(Goal of the exercise): Reproduce exactly, and solely, the lines running from the top of the data below through the line with "اقتحمت قطة ملعب", both inclusive. Omit pictures.

(Provided material):

= = = = = = =

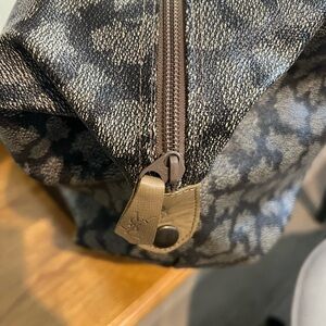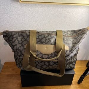 Authentic vintage YSL. Normal signs of usage in good condition and clean interior. This travel bag from Yves Saint Laurent features a stylish tan and gray color scheme, perfect for a chic getaway. The design combines a durable construction with a sleek aesthetic, making it an ideal choice for travel enthusiasts.
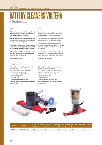 FLOW DEBRIS CAPACITY WORKING TIME CHARGING TIME BATTERY VOLTAGE
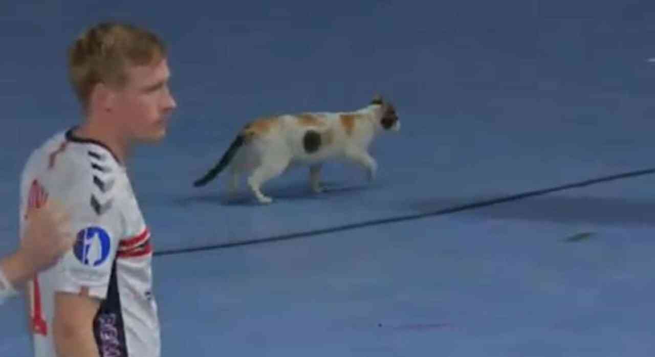 اقتحمت قطة ملعب مباراة النرويج وسويسرا أمس، في صالة حسن مصطفى بمدينة ٦ أكتوبر، ضمن منافسات كأس العالم لكرة اليد للرجال في نسختها الـ 27 والتي تحتضنها مصر حالياً.
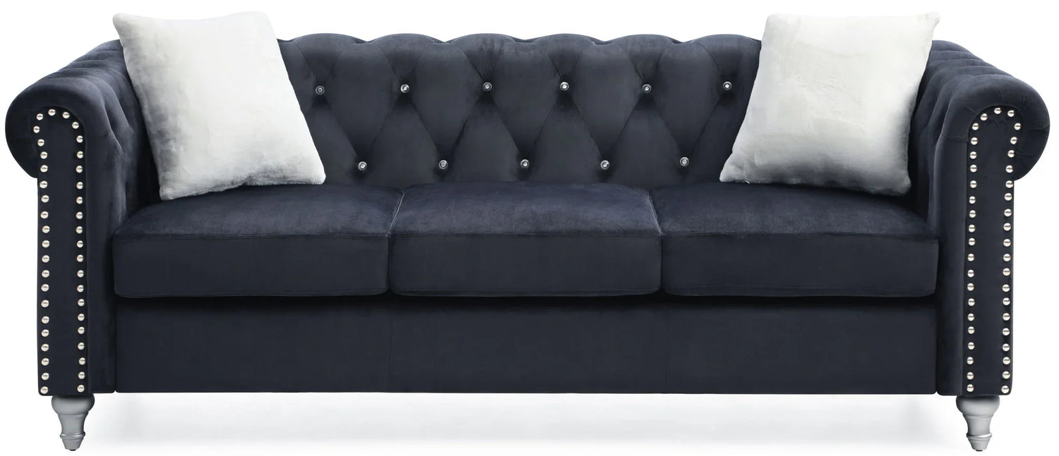 The Raisa sofa brings timeless glamour to a modern living room—ideal for anyone who wants a statement piece that still feels approachable. Designed for everyday lounging and elegant entertaining, its plush micro-suede velvet invites you to sit while the faux-jeweled tufting and hand-applied nailhead trim make the piece a focal point in contemporary, transitional, or Hollywood-regency interiors.

= = = = = = =

(Task result):
 Authentic vintage YSL. Normal signs of usage in good condition and clean interior. This travel bag from Yves Saint Laurent features a stylish tan and gray color scheme, perfect for a chic getaway. The design combines a durable construction with a sleek aesthetic, making it an ideal choice for travel enthusiasts.
 FLOW DEBRIS CAPACITY WORKING TIME CHARGING TIME BATTERY VOLTAGE
 اقتحمت قطة ملعب مباراة النرويج وسويسرا أمس، في صالة حسن مصطفى بمدينة ٦ أكتوبر، ضمن منافسات كأس العالم لكرة اليد للرجال في نسختها الـ 27 والتي تحتضنها مصر حالياً.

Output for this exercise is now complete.